Print the entries in full, word for word, but not the pictures.

▶ **Data shown**
———

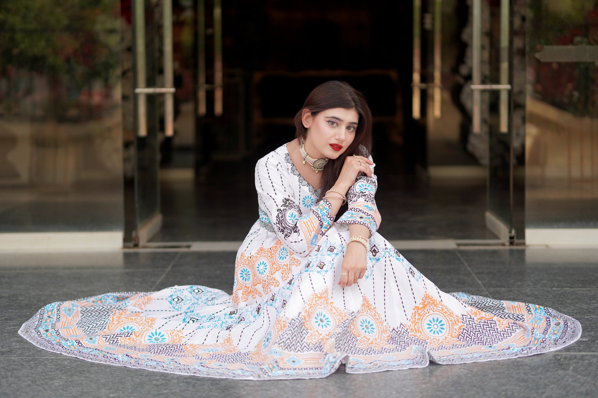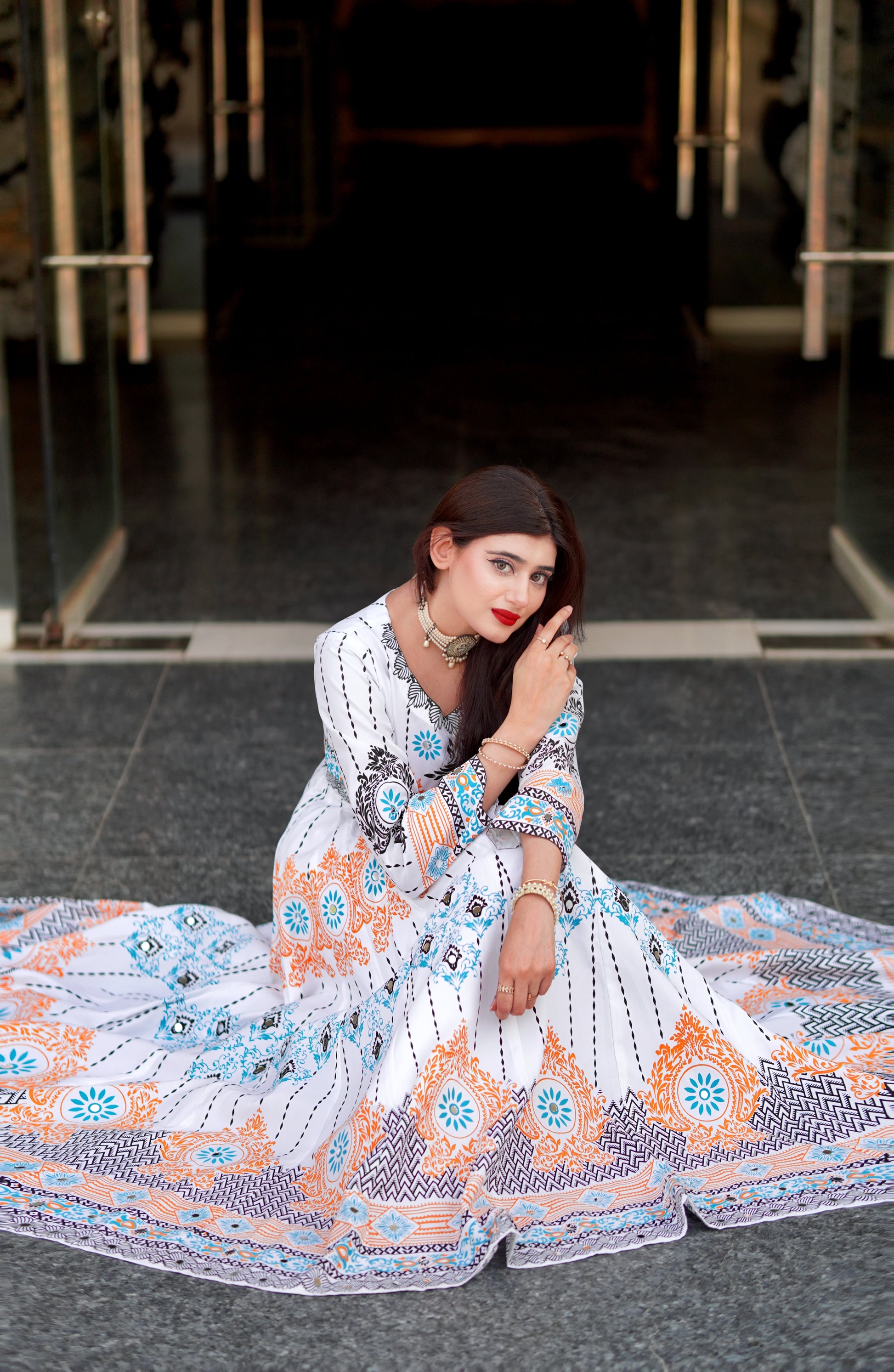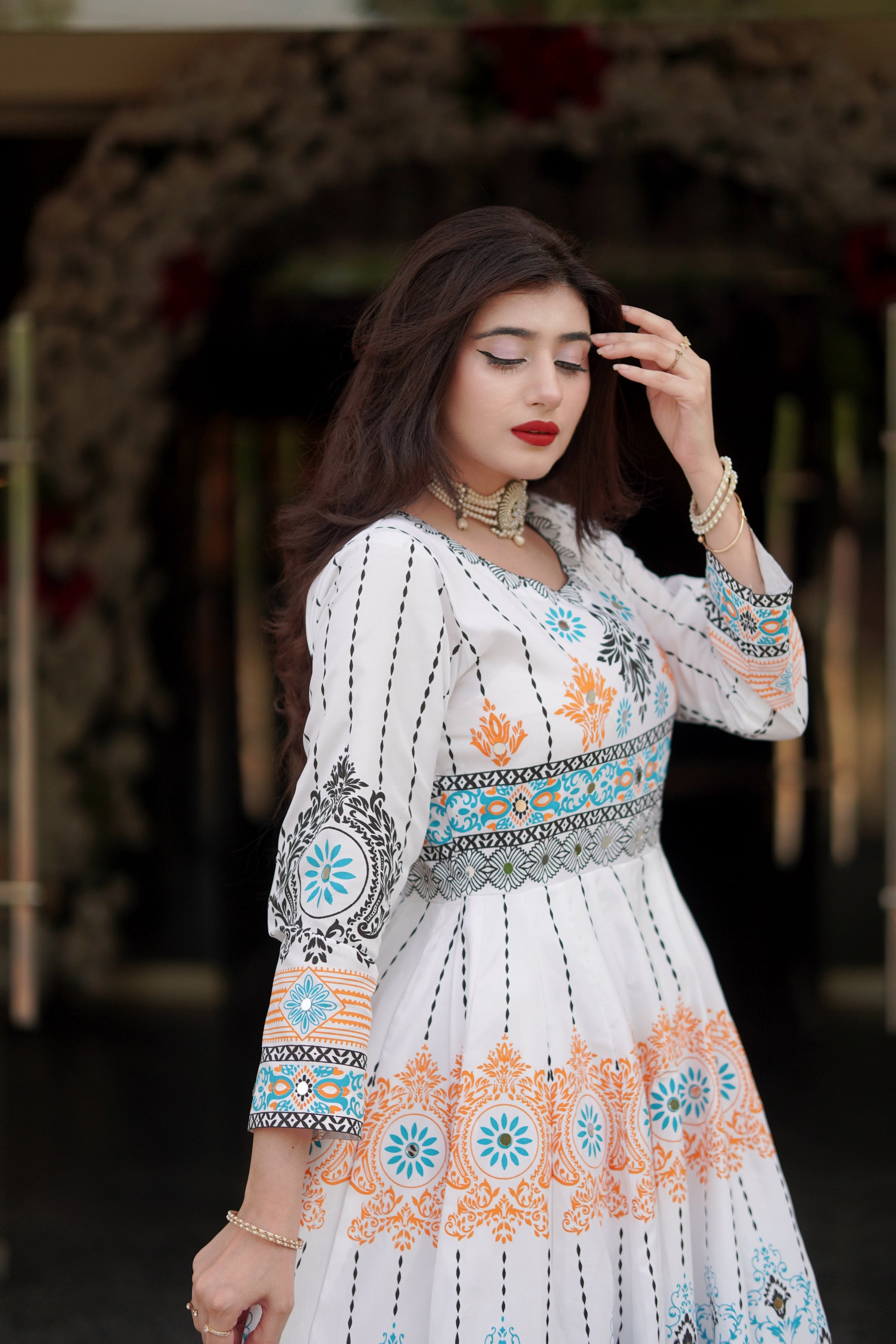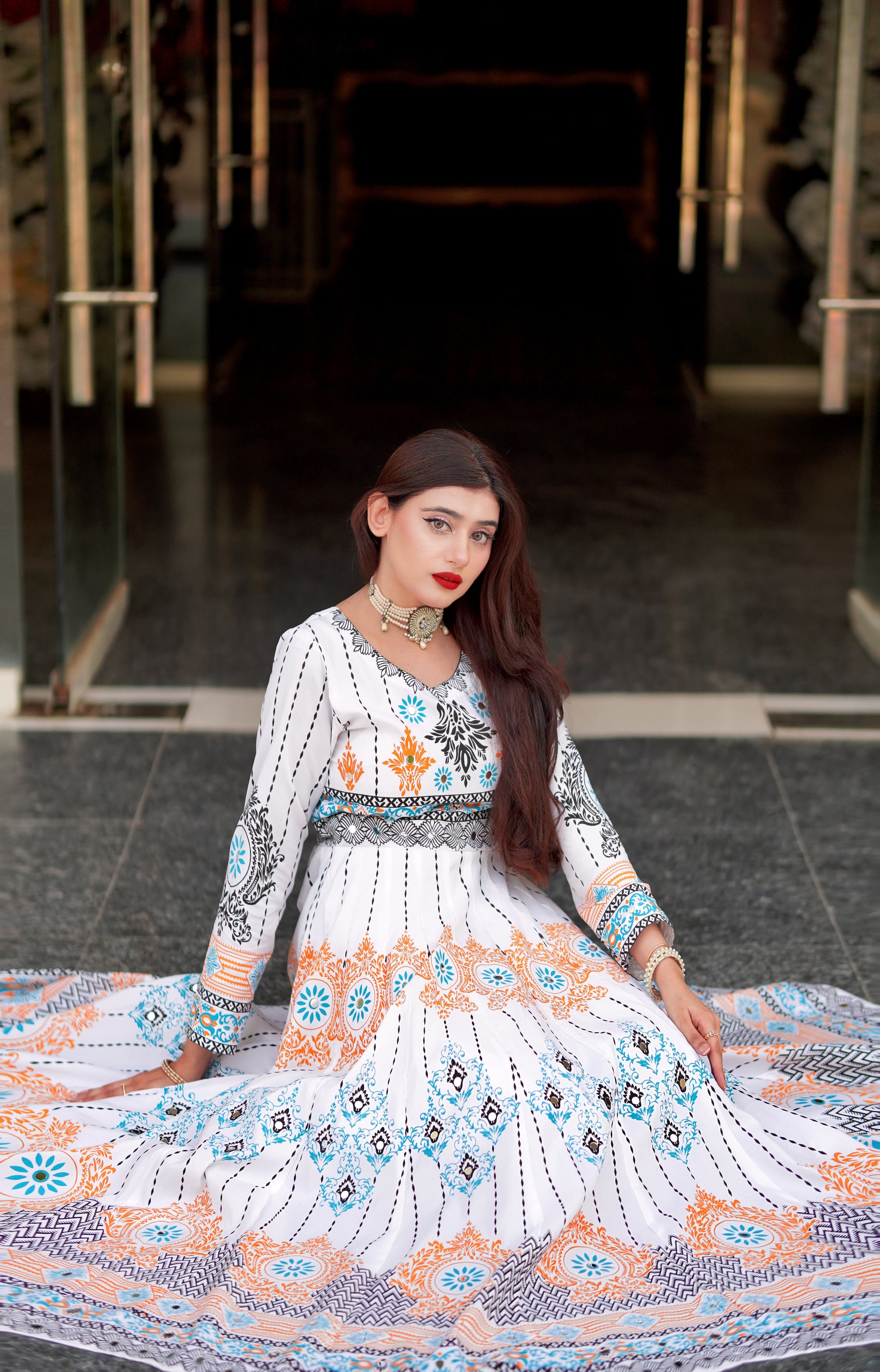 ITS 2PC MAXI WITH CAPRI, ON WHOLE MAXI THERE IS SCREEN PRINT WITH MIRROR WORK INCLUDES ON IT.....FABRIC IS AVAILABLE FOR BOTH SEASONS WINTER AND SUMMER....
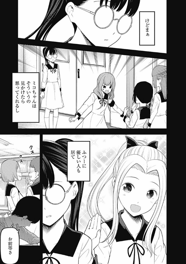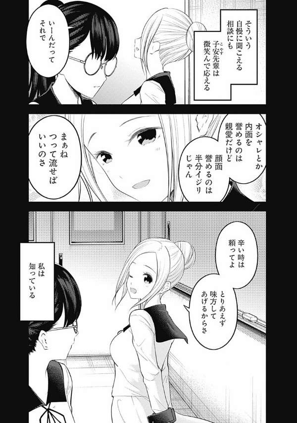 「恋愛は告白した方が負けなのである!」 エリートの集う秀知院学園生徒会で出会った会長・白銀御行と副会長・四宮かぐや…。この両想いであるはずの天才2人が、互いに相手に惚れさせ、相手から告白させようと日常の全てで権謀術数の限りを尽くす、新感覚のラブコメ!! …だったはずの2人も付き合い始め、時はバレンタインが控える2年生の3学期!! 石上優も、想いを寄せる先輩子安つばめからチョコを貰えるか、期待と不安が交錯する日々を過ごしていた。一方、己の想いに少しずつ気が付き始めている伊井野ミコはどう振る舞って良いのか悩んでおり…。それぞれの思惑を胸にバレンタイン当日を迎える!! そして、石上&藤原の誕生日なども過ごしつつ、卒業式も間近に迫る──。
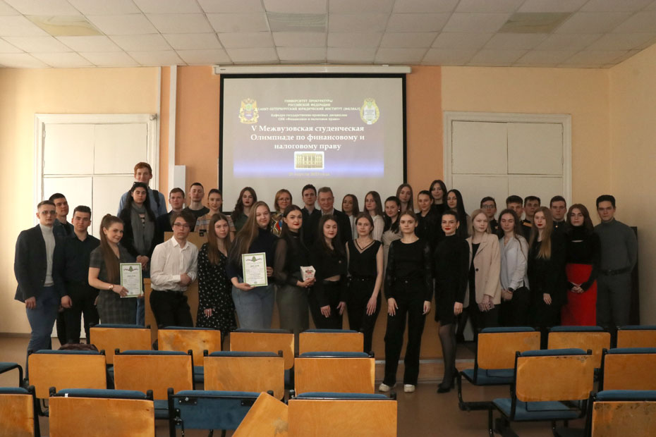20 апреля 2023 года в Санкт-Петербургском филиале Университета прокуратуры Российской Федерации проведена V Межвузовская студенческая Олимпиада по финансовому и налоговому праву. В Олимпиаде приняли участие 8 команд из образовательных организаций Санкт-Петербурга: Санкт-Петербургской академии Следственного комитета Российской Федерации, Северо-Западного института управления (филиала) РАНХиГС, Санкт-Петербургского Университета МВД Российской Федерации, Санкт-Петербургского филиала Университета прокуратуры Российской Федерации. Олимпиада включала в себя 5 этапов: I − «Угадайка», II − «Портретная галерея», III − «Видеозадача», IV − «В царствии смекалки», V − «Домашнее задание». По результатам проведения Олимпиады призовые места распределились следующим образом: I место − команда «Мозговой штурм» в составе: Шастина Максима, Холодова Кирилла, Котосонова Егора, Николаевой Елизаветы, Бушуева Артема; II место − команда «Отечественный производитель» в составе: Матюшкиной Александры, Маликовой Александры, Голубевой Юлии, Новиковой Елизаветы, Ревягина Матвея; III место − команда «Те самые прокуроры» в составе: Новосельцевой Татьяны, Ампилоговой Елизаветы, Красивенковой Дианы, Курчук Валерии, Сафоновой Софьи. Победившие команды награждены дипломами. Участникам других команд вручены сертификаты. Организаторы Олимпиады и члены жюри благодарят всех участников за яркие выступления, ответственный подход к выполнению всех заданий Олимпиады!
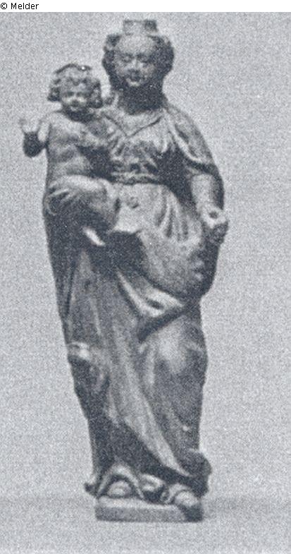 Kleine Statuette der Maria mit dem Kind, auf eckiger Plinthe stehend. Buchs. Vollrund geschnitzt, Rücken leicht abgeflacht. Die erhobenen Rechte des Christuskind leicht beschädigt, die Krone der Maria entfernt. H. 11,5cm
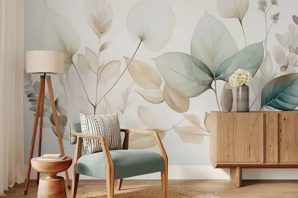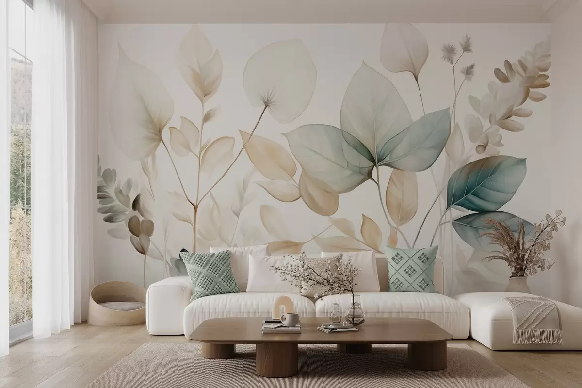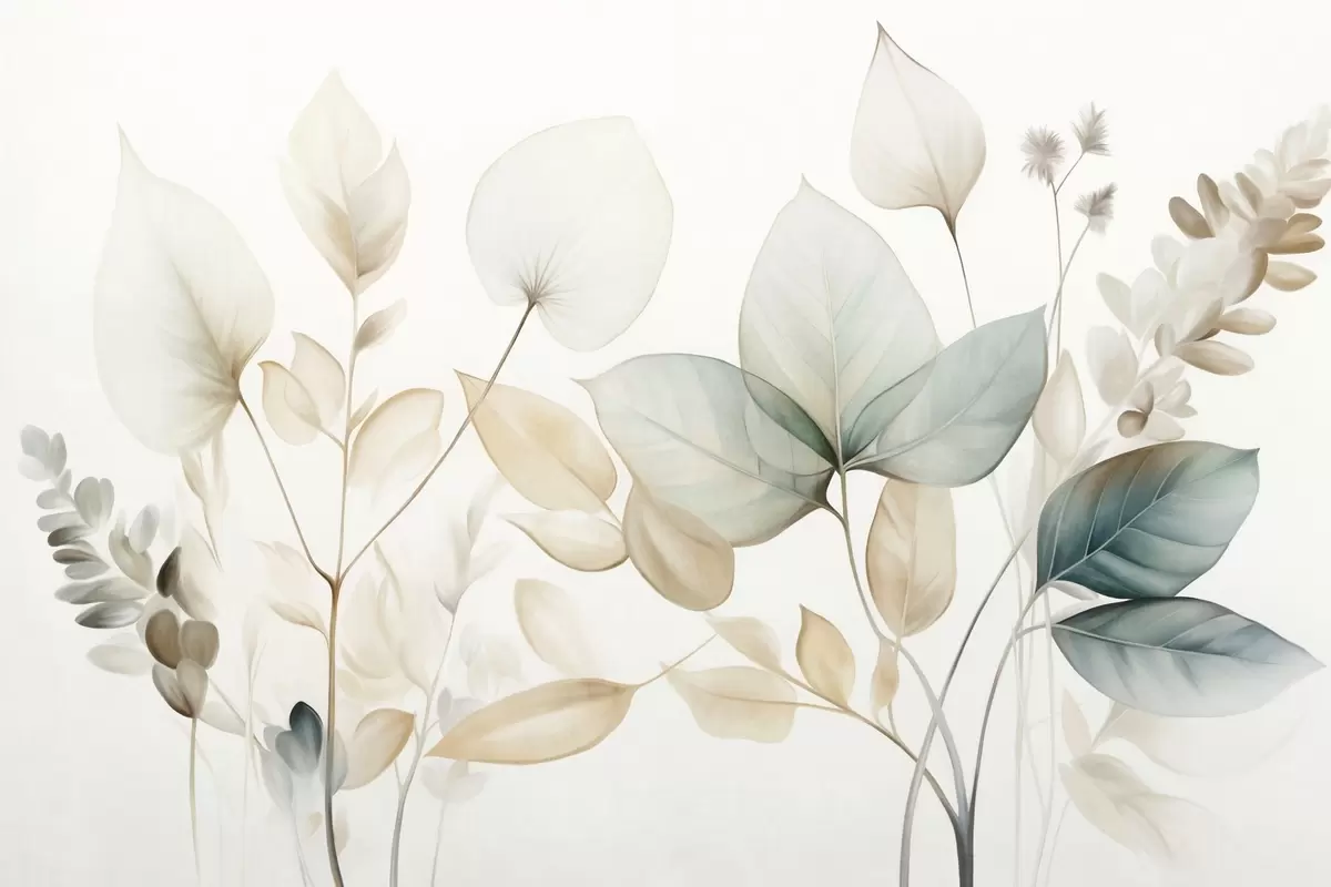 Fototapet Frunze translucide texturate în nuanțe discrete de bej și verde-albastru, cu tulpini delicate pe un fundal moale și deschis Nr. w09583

———

▶ **Task result**
 ITS 2PC MAXI WITH CAPRI, ON WHOLE MAXI THERE IS SCREEN PRINT WITH MIRROR WORK INCLUDES ON IT.....FABRIC IS AVAILABLE FOR BOTH SEASONS WINTER AND SUMMER....
 「恋愛は告白した方が負けなのである!」 エリートの集う秀知院学園生徒会で出会った会長・白銀御行と副会長・四宮かぐや…。この両想いであるはずの天才2人が、互いに相手に惚れさせ、相手から告白させようと日常の全てで権謀術数の限りを尽くす、新感覚のラブコメ!! …だったはずの2人も付き合い始め、時はバレンタインが控える2年生の3学期!! 石上優も、想いを寄せる先輩子安つばめからチョコを貰えるか、期待と不安が交錯する日々を過ごしていた。一方、己の想いに少しずつ気が付き始めている伊井野ミコはどう振る舞って良いのか悩んでおり…。それぞれの思惑を胸にバレンタイン当日を迎える!! そして、石上&藤原の誕生日なども過ごしつつ、卒業式も間近に迫る──。
20 апреля 2023 года в Санкт-Петербургском филиале Университета прокуратуры Российской Федерации проведена V Межвузовская студенческая Олимпиада по финансовому и налоговому праву. В Олимпиаде приняли участие 8 команд из образовательных организаций Санкт-Петербурга: Санкт-Петербургской академии Следственного комитета Российской Федерации, Северо-Западного института управления (филиала) РАНХиГС, Санкт-Петербургского Университета МВД Российской Федерации, Санкт-Петербургского филиала Университета прокуратуры Российской Федерации. Олимпиада включала в себя 5 этапов: I − «Угадайка», II − «Портретная галерея», III − «Видеозадача», IV − «В царствии смекалки», V − «Домашнее задание». По результатам проведения Олимпиады призовые места распределились следующим образом: I место − команда «Мозговой штурм» в составе: Шастина Максима, Холодова Кирилла, Котосонова Егора, Николаевой Елизаветы, Бушуева Артема; II место − команда «Отечественный производитель» в составе: Матюшкиной Александры, Маликовой Александры, Голубевой Юлии, Новиковой Елизаветы, Ревягина Матвея; III место − команда «Те самые прокуроры» в составе: Новосельцевой Татьяны, Ампилоговой Елизаветы, Красивенковой Дианы, Курчук Валерии, Сафоновой Софьи. Победившие команды награждены дипломами. Участникам других команд вручены сертификаты. Организаторы Олимпиады и члены жюри благодарят всех участников за яркие выступления, ответственный подход к выполнению всех заданий Олимпиады!
 Kleine Statuette der Maria mit dem Kind, auf eckiger Plinthe stehend. Buchs. Vollrund geschnitzt, Rücken leicht abgeflacht. Die erhobenen Rechte des Christuskind leicht beschädigt, die Krone der Maria entfernt. H. 11,5cm
 Fototapet Frunze translucide texturate în nuanțe discrete de bej și verde-albastru, cu tulpini delicate pe un fundal moale și deschis Nr. w09583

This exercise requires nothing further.